Publié le par François Desgrées du Loû (1909-1985)

[publié le 06/09/2020]

[retranscription]

 

DECOLONISATION!

Oui, mais partout

 

par François DESGREES DU LOU

 

Le trouble des esprits et la propagande aidant, il s’est trouvé que les spécialistes de la guerre subversive ont lié l’idée de décolonisation à cette interminable “guerre froide” où excellent la Chine “populaire” et la Russie soviétique.

L’Occident a pris militairement ses précautions, qui étaient sans nul doute indispensables. A-t-il assez hardiment profité - la France la première - de l’occasion que lui donne l’affaire de Berlin de mettre les choses au point à la face du monde entier?

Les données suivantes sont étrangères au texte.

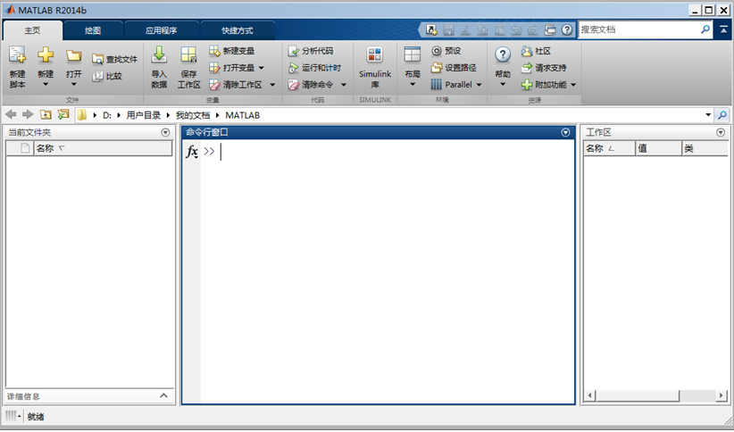 当Matlab启动后,首先会弹出如图1-1所示工作界面,较新版本中,工具条取代了菜单栏和工具栏,工具条包括四部分,包括“主页”、“绘图”、“应用程序”、“快捷方式”。单击“主页”选项卡显示如图1-1的工作界面,包括命令窗口(命令行窗口)、工作空间窗口(工作区窗口)、当前文件夹窗口。其中最主要交互窗口是命令窗口。点击“布局”,可以调整窗口布局。
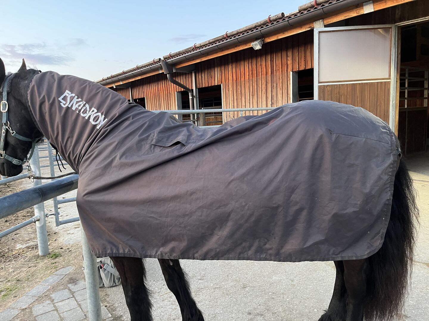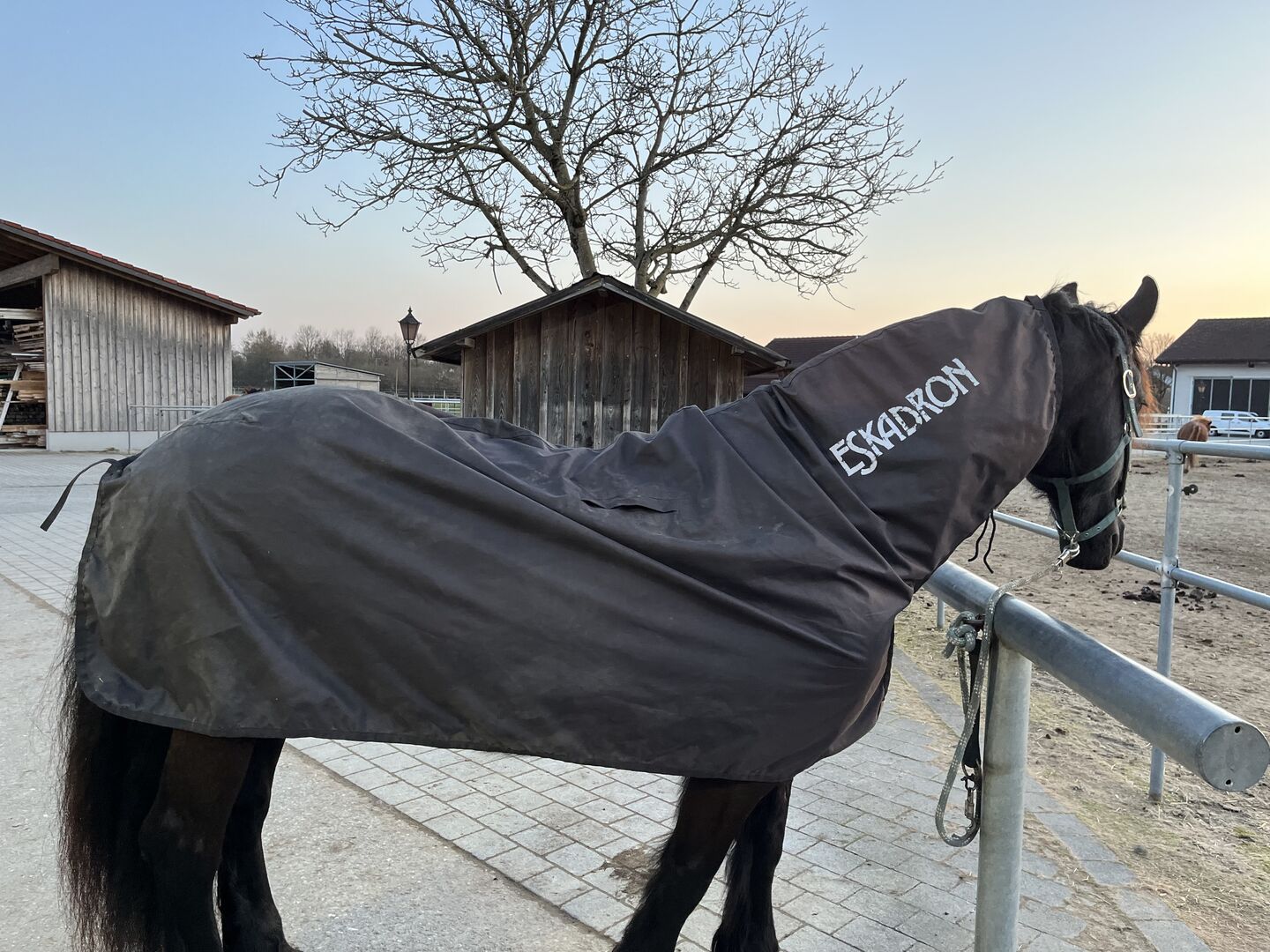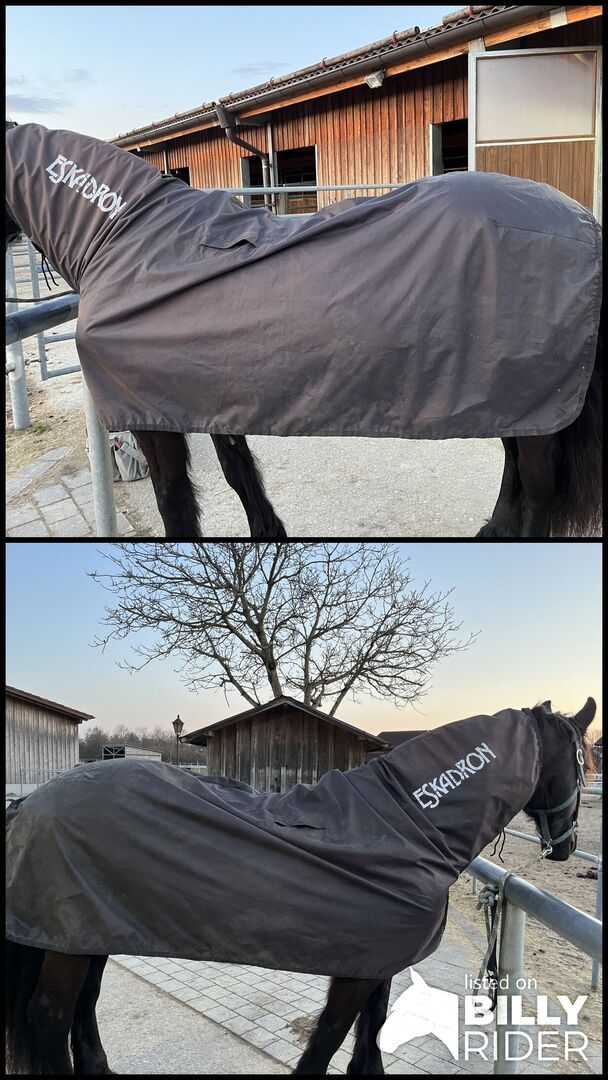 Dywanik przeciwdeszczowy Eskadron rozmiar M - Wodoodporny dywanik przeciwdeszczowy z częścią szyjną. Część szyjna zamykana jest na zamek błyskawiczny i rzepy. Derka jest bez podszewki i może być zakładana na siodło i sprzęt. Rozmiar M
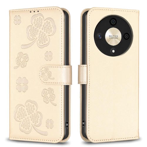 Funda de Cuero para Honor X9B Magic6 Lite 5G con Relieve de Cuatro Hojas (Dorado)
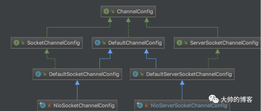 最后,还能知道每个Netty的Channel都有一个config——配置工具类,存储了每类Channel的底层网络配置,其继承关系如下:
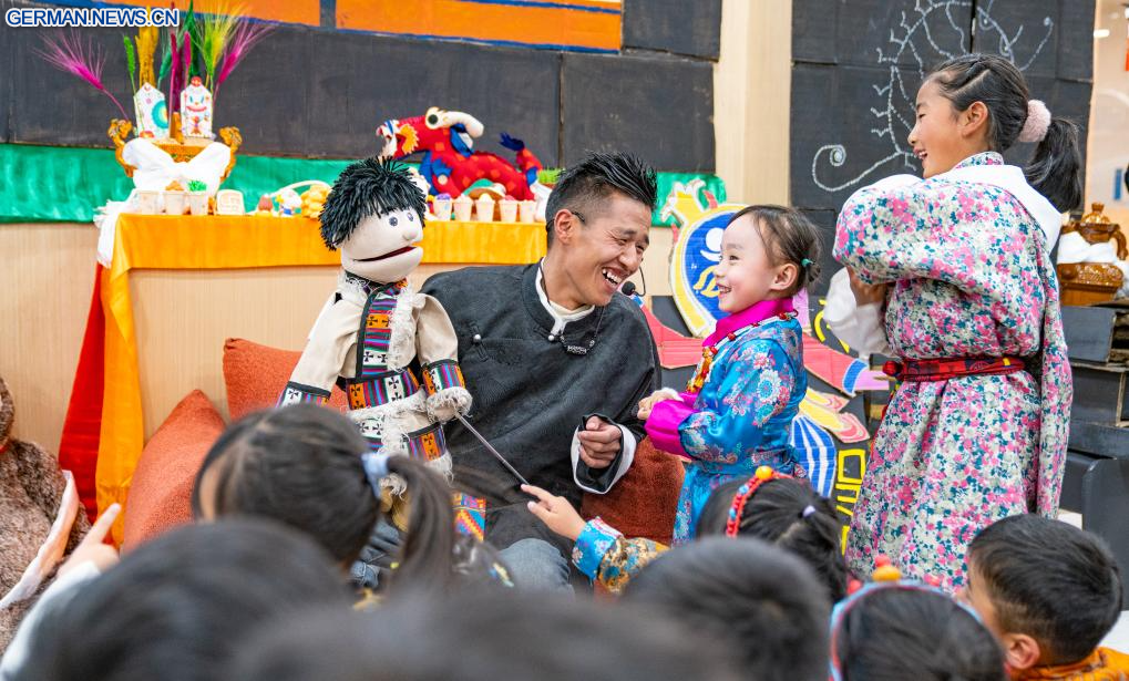 Am Samstag fand in einer Buchhandlung für Kinder in der Stadt Lhasa eine einzigartige Party statt, bei der Lehrer die traditionellen Bräuche des tibetischen Neujahrs vorstellten. Während der Veranstaltung genossen Kinder in traditionellen tibetischen Kostümen Musikdarbietungen, Puppentheater und die Herstellung von Kunsthandwerk sowie ein Festmahl mit "Gutu", einem traditionellen Suppengericht aus Mehl. (Foto von Tenzin Nyida/Xinhua)
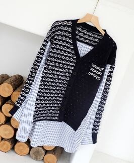 アウター カーディガン ミディアム丈 袖あり 30452 長袖 Vネック 襟付き セミフレア ドッキング ポリエステル 大人可愛い カジュアル おしゃれ かっこいい こなれ感 ラフ 存在感 柄 ストライプ 2021 20代 30代 レディース デート お出かけ 休日 旅行 着回し 普段使い 重ね着 韓国系 ファッション 楽ちん 新作 インスタ映え フリーサイズ ネイビー 送料無料
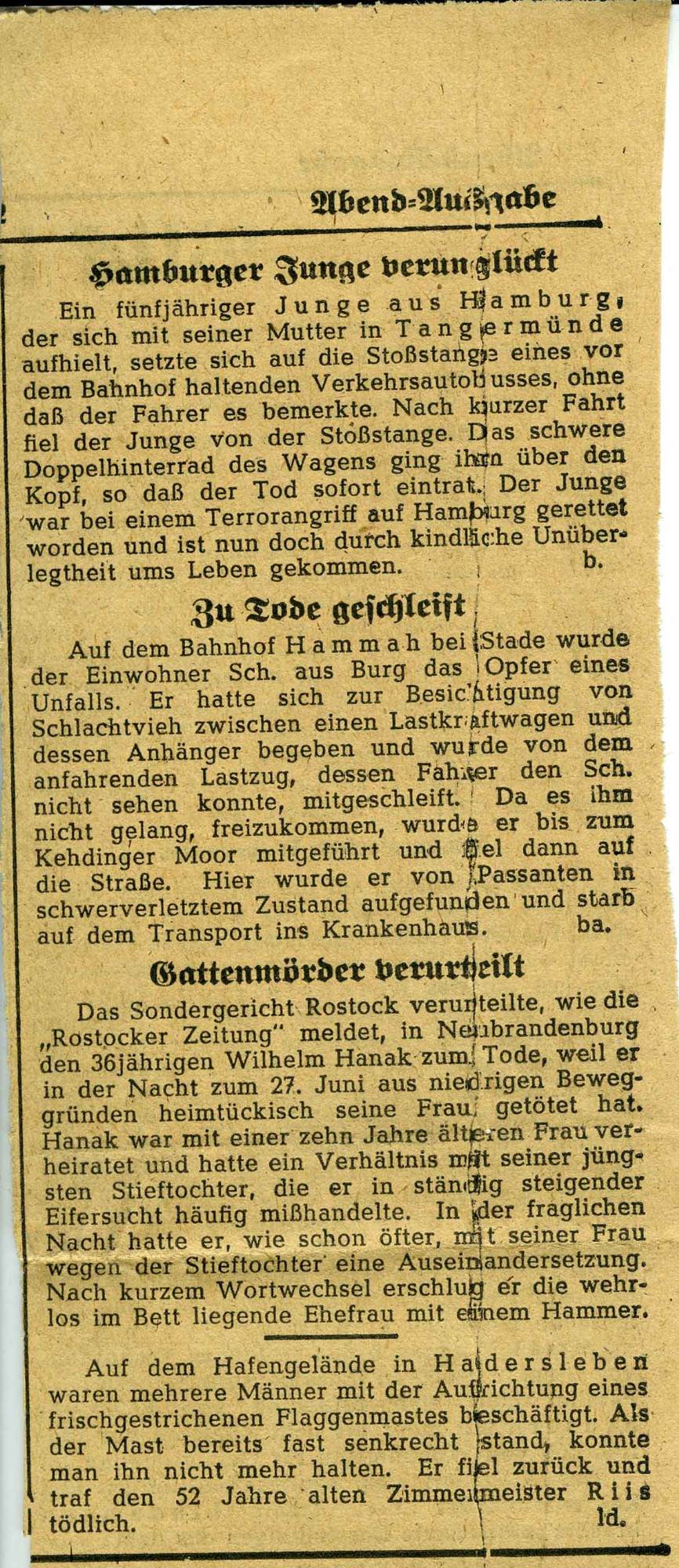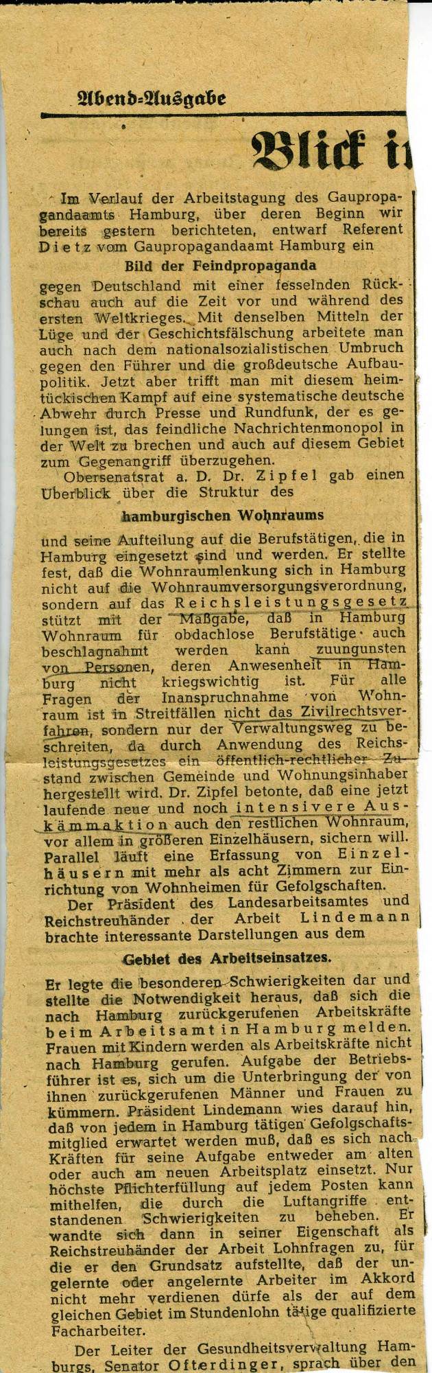 Anbei ein Referat aus dem Hamburger Fremdenblatt, das mir zufällig in die Hände fiel. So wird es [---] in Zukunft sein. Es ist tragisch, durch welche Peitschenhiebe die Menschen belehrt werden müssen, furchtbar damit der Endeffekt, von dem wir alle zumeist betroffen sind. Welcher Ausweg bleibt da für uns? Was bleibt uns überhaupt?

Il ne le semble pas. Et pourtant, si la “décolonisation” est le mot du jour, si elle s’impose, de toute évidence, en Afrique comme en Asie, n’en faut-il pas parler sous aucun prétexte en Europe? Y a-t-il, selon la longitude et la latitude, une zone où la colonisation est populaire et l’autodétermination capitaliste?

Nous nous demandons s’il n’est pas possible, sans jeter de l’huile sur le feu, d’exprimer des vérités qui portent en elles leur force. Nous croyons que l’Occident a bien fait de renoncer à la voie de l’impérialisme, mais qu’il est en droit désormais d’y convier ses rivaux.

Dans nos villes flottaient hier et flotteront demain les drapeaux des nouvelles nations africaines. De leur côté, nos interlocuteurs algériens sont assurés de l’autodétermination, certains d’entre eux n’hésitent pas même à en faire une prédétermination en leur faveur. Et pendant ce temps, Berlin et l’Allemagne de l’Est apparaissent comme matière à découpage, comme monnaie humaine d’échanges diplomatiques, comme expérience de néo-colonisation. On comprend que de Gaulle et Kennedy se sentent peu de goût pour ce style de négociation, héritage des impérialismes d’hier brigué par les impérialismes de demain.

Ce n’est insulter, ni menacer personne que de le dire: l’indépendance, nécessité pour les uns, n’est pas un luxe pour les autres. La fiction serait trop commode. Si la politique étrangère n’est pas, une fois pour toutes, soumise à la loi du plus fort et seulement à celle-là, si la coexistence suppose la discussion, si le droit est autre chose qu’un jeu de formules inapplicables, il faudra bien un jour poser la question de l’autodétermination généralisée dans un monde où les frontières s’élèvent et s’effondrent à chaque instant. L’essentiel est que les choix ne se fassent pas le revolver sur la nuque et si l’O.N.U. a une utilité ce pourrait être celle, honorable et irremplaçable, de tremplin de la liberté, à l’heure des grandes options.il y aurait peut-être là, pour l’avenir, une chance d’apaisement.